Function-level profiling¶
Consider the code in mosaic.py
.
To profile it:
python -m cProfile -o cprofile-mosaic.dat `which mosaic.py` \
/data3a/work/price/SUPA-MIT/rerun/cosmos --id field=COSMOS \
filter=W-S-I+ expTime=120.0 --clobber-config
Then, in a Python session:
import pstats
p = pstats.Stats("cprofile-mosaic.dat")
p.sort_stats("cumulative").print_stats(30) # Print top 30 cumulative
The results are:
n calls (6698794 primitive calls) in 36.536 seconds
Ordered by: cumulative time
List reduced from 4671 to 30 due to restriction <30>
ncalls tottime percall cumtime percall filename:lineno(function)

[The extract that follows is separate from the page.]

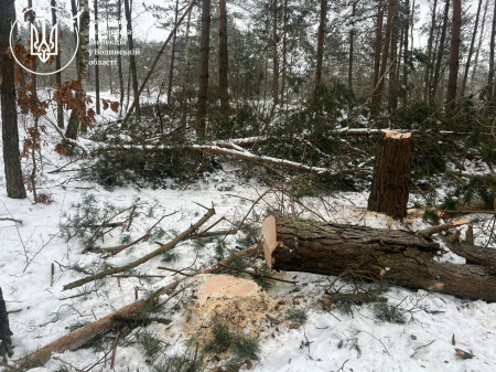 22 січня спеціалісти Державної екологічної інспекції у Волинській області відповідно до наказу щодо виявлення та запобігання адміністративних правопорушень зафіксувади факт незаконної порубки лісу.

1 0.004 0.004 36.538 36.538 /home/price/hsc/meas_mosaic/bin/mosaic.py:3(<module>)
1 0.000 0.000 34.707 34.707 /data1a/ana/products2.1/Linux64/pipe_base/HSC-2.4.1a_hsc/python/lsst/pipe/base/cmdLineTask.py:243(parseAndRun)
1 0.000 0.000 34.324 34.324 /data1a/ana/products2.1/Linux64/pipe_base/HSC-2.4.1a_hsc/python/lsst/pipe/base/cmdLineTask.py:87(run)
30 0.000 0.000 34.317 1.144 {map}
1 0.000 0.000 34.303 34.303 /home/price/hsc/meas_mosaic/python/lsst/meas/mosaic/mosaicTask.py:45(__call__)
1 0.073 0.073 34.303 34.303 /home/price/hsc/meas_mosaic/python/lsst/meas/mosaic/mosaicTask.py:1112(run)
1 0.176 0.176 34.230 34.230 /home/price/hsc/meas_mosaic/python/lsst/meas/mosaic/mosaicTask.py:950(mosaic)
1 2.404 2.404 25.686 25.686 /home/price/hsc/meas_mosaic/python/lsst/meas/mosaic/mosaicTask.py:268(readCatalog)
360 0.740 0.002 20.289 0.056 /home/price/hsc/meas_mosaic/python/lsst/meas/mosaic/mosaicTask.py:205(getAllForCcd)
1008 0.012 0.000 13.592 0.013 /data1a/ana/products2.1/Linux64/daf_persistence/HSC-2.1.2a_hsc/python/lsst/daf/persistence/butlerSubset.py:171(get)
1008 0.025 0.000 13.579 0.013 /data1a/ana/products2.1/Linux64/daf_persistence/HSC-2.1.2a_hsc/python/lsst/daf/persistence/butler.py:209(get)
648 0.007 0.000 12.235 0.019 /data1a/ana/products2.1/Linux64/daf_persistence/HSC-2.1.2a_hsc/python/lsst/daf/persistence/butler.py:239(<lambda>)
648 0.014 0.000 12.228 0.019 /data1a/ana/products2.1/Linux64/daf_persistence/HSC-2.1.2a_hsc/python/lsst/daf/persistence/butler.py:386(_read)
324 0.001 0.000 10.380 0.032 /home/price/hsc/afw/python/lsst/afw/table/tableLib.py:7836(readFits)
324 10.379 0.032 10.379 0.032 {_tableLib.SourceCatalog_readFits}
1 0.121 0.121 7.344 7.344 /home/price/hsc/meas_mosaic/python/lsst/meas/mosaic/mosaicTask.py:318(mergeCatalog)
1 0.000 0.000 6.680 6.680 /home/price/hsc/meas_mosaic/python/lsst/meas/mosaic/mosaicLib.py:1400(kdtreeSource)
1 6.680 6.680 6.680 6.680 {_mosaicLib.kdtreeSource}
360 0.001 0.000 2.248 0.006 /home/price/hsc/afw/python/lsst/afw/image/imageLib.py:8635(makeWcs)
360 2.137 0.006 2.248 0.006 {_imageLib.makeWcs}
648 0.331 0.001 2.148 0.003 /home/price/hsc/meas_mosaic/python/lsst/meas/mosaic/mosaicTask.py:173(selectStars)
153718 0.679 0.000 1.899 0.000 /home/price/hsc/meas_mosaic/python/lsst/meas/mosaic/mosaicLib.py:776(__init__)
324 0.001 0.000 1.779 0.005 /home/price/hsc/afw/python/lsst/afw/table/tableLib.py:6266(readFits)
324 1.779 0.005 1.779 0.005 {_tableLib.BaseCatalog_readFits}
2916 0.178 0.000 1.450 0.000 /home/price/hsc/afw/python/lsst/afw/table/tableLib.py:726(find)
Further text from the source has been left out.